(Records contained in a dataset)

- - -

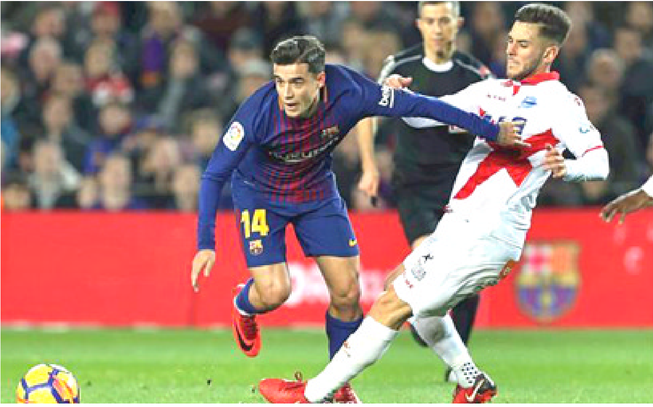
صعوبة: واجه فريق برشلونة صعوبة كبيرة في الفوز على فريق الأفييس في الليجا

التي أقيمت بينهما على ملعب كامب نو، مساء أول أمس الأحد، في الجولة الحادية والعشرين لل دوري الإسباني، تقدم الأفييس في الدقيقة 23 عن طريق المهاجم جون جيديتي وتعادل برشلونة في ثم أحرز ليونيل ميسي هدف الفوز في الدقيقة 84. ورفع برشلونة رصيده بهذا الفوز إلى 57 نقطة في صدارة الترتيب بقيادة مديره الفني إرنستو فاليريدي وتجمد رصيده الأفييس عند 19 نقطة في المركز السابع عشر مع مديره الفني أيلارو فيرنانديز. جاءت المباراة مشيرة في مجملها، وسيطر برشلونة على مجريات الأمور منذ الدقائق الأولى بتمريرات متبادلة وبدات المحاولات عن طريق لويس سواريز ولجا فريق الأفييس إلى الدفاع المحكم ليتجاوز حتى البداية. وبدأ الأفييس تنظيم الهجمات المرتدة السريعة وكاد أن يخطف هدفاً في الدقيقة 11 لولا تالف الحارس الألماني تير شتجن الذي أنقذ الموقف بعدما انفرد جيديتي بالرمي ولكنه سد في جسم الحارس. جاءت كرة أخرى الضيوف وأقذ باشتيكو حارس الأفييس هدفاً من كرة عرضية خطيرة ثم تسديدة من جانب فيليب كوتيتو مرت بجوار القائم. حصل مارك وكاسو على الإنذار المخشونة في الدقيقة 22، ونجح الأفييس في تسجيل هدف التقدم في الدقيقة 23 عن طريق جون جيديتي الذي استغل تمريرة في عمق الدفاع مسدداً في مرمي تير شتجن. كاد الأفييس أن يسجل مرة أخرى لولا تالف الحارس الألماني قبل أن تتحول دفة المباراة تماماً لصالح برشلونة، وأحرز ليونيل ميسي فرصة قريبة بتسديدة مرت بجوار القائم ببعض تسديرات، وفرصة أخرى من كوتيتو وأضاع سواريز محاولة فوق العارضة لينتهي الشوط الأول بتقدم الأفييس. الشوط الثاني سار في اتجاه واحد، في ظل أداء هجومي ضاغط من برشلونة منذ الدقائق الأولى، وتدخل فاليريدي في تشكيل برشلونة بنزول ظهيري جنب وهما سيرجي روبرتو وجوردي ألبا على حساب تيلسون
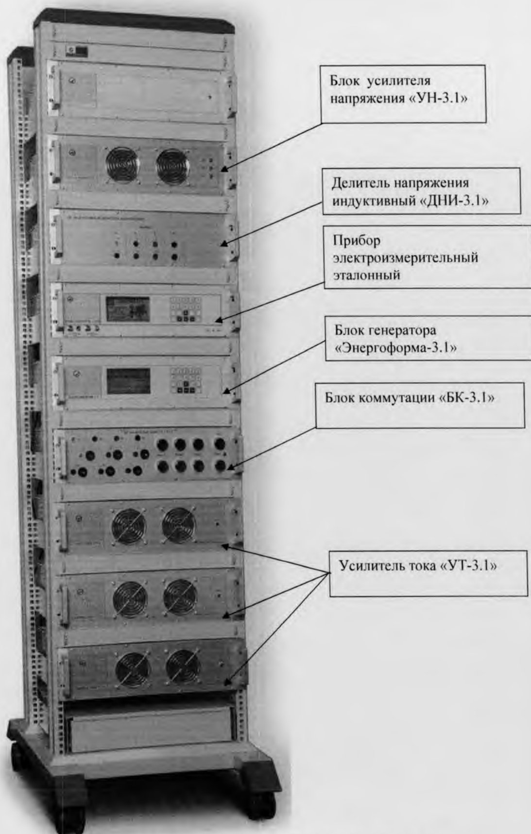
Рисунок 1. Установка "УППУ-МЭ 3.1КМ-С". Общий вид (Клеймо поверителя после поверки наносится на стационарную установку в виде наклейки на боковую стенку установки)
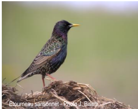
Etourneau sansonnet

Venez retrouver la LPO Haute-Savoie, ainsi que de nombreux exposants (pépiniéristes, artisans et producteurs) qui vous feront découvrir leurs productions sur le marché aux plantes et aux saveurs. Expositions, conférences, ateliers enfants, rencontres nature et environnement vous attendent au cours de ces deux journées.
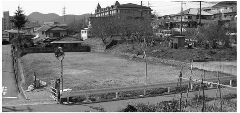
売却予定の市有地 (山手一丁目)

普通財産を売り払う場合には、相生市不動産価格審議会に諮問を行い、不動産価格の決定を行っております。近年、当審議会での答申は、売り払い時の最低価格であり、
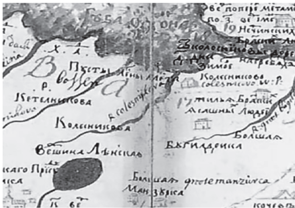
Фрагмент карты С. У. Ремезова «Чертеж земли Иркутского города»

✓ Думается, что выход Колесникова на Байкал в 1635 г. маловероятен, а время совместной службы Колесникова и Пятка Федорова возможно отнести к 1636 г., при этом поход к озеру, если он состоялся, мог быть и без участия последнего.
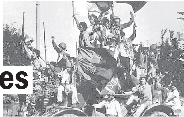
El pueblo libera Managua en 1979.
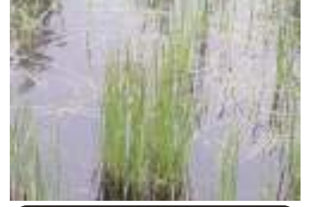
ミヤマホタルイ 深山螢蘭
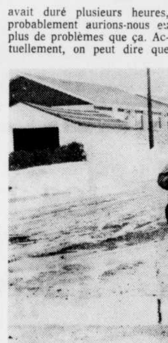
Les employés municipaux "ébouillantent" ici les bouches d'égout pour permettre l'écoulement des eaux en provenance de la neige fondue dans la ville de Thetford. Jusqu'ici la cité n'aurait pas été confrontée avec de sérieux problèmes...

THETFORD MINES, (YP) — La région de l'amiante n'a pas été trop touchée par la fonte soudaine des deux derniers jours, à aucune route n'ayant été bloquée suite à de possibles inondations ou des bris de section de chemin. En outre, on ne rapportait pas de problèmes sérieux hier à la cité de Thetford pour ce qui est de la ville elle-même.
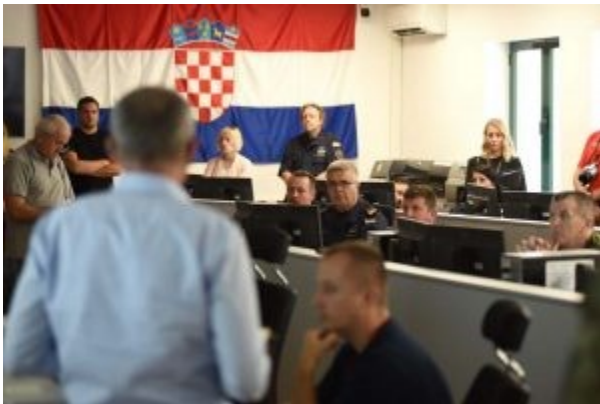
Damir Krstičević u obilasku Operativnog vatrogasnog zapovjedništva

SOPHIA”. Stavka “UN misije (A545065)” s padom od 35,11 posto tijekom 2019. (od 15,034 milijuna HRK krajem 2018. na 9,756 milijuna na kraju 2019. godine) obuhvatila je 3 misije (UNMOGIP, UNIFIL i MINURSO), od kojih je posebno značajno djelovanje u Libanonu, započeto u svibnju 2018. godine i dovršeno u svibnju 2019. godine . Ponešto je manje tu smanjivana stavka “NATO operacije (A545066)”, koja je tijekom 2019. pala za 16,43 posto (od 146,35 milijuna krajem 2018. na 122,3 milijuna na kraju 2019. godine). RH je tu djelovala u ukupno 6 aktivnosti – (1) u NATO misiji “Resolute Support” u Afganistanu, (2) operaciji KFOR na Kosovu, (3) u misiji (NATO Mission Iraq – NMI) u Iraku, (4) u operaciji “SEA GUARDIAN” na Mediteranu , (5) u aktivnosti ojačane Prednje prisutnosti (eFP) u Poljskoj, te (6) u operaciji koalicijskih snaga “INHERENT RESOLVE” u Kuvajtu. No, o svemu tome se čulo jako malo, a čak ni žrtve u Afganistanu nisu na kraju bile povodom za ozbiljnije javno izvještavanje iz takvih aktivnosti .

- - -

▸ **WHAT TO WORK ON**
The result should be every line that contains "deux", copied from the entries.

▸ **RESPONSE TO THE EXERCISE**
Venez retrouver la LPO Haute-Savoie, ainsi que de nombreux exposants (pépiniéristes, artisans et producteurs) qui vous feront découvrir leurs productions sur le marché aux plantes et aux saveurs. Expositions, conférences, ateliers enfants, rencontres nature et environnement vous attendent au cours de ces deux journées.
THETFORD MINES, (YP) — La région de l'amiante n'a pas été trop touchée par la fonte soudaine des deux derniers jours, à aucune route n'ayant été bloquée suite à de possibles inondations ou des bris de section de chemin. En outre, on ne rapportait pas de problèmes sérieux hier à la cité de Thetford pour ce qui est de la ville elle-même.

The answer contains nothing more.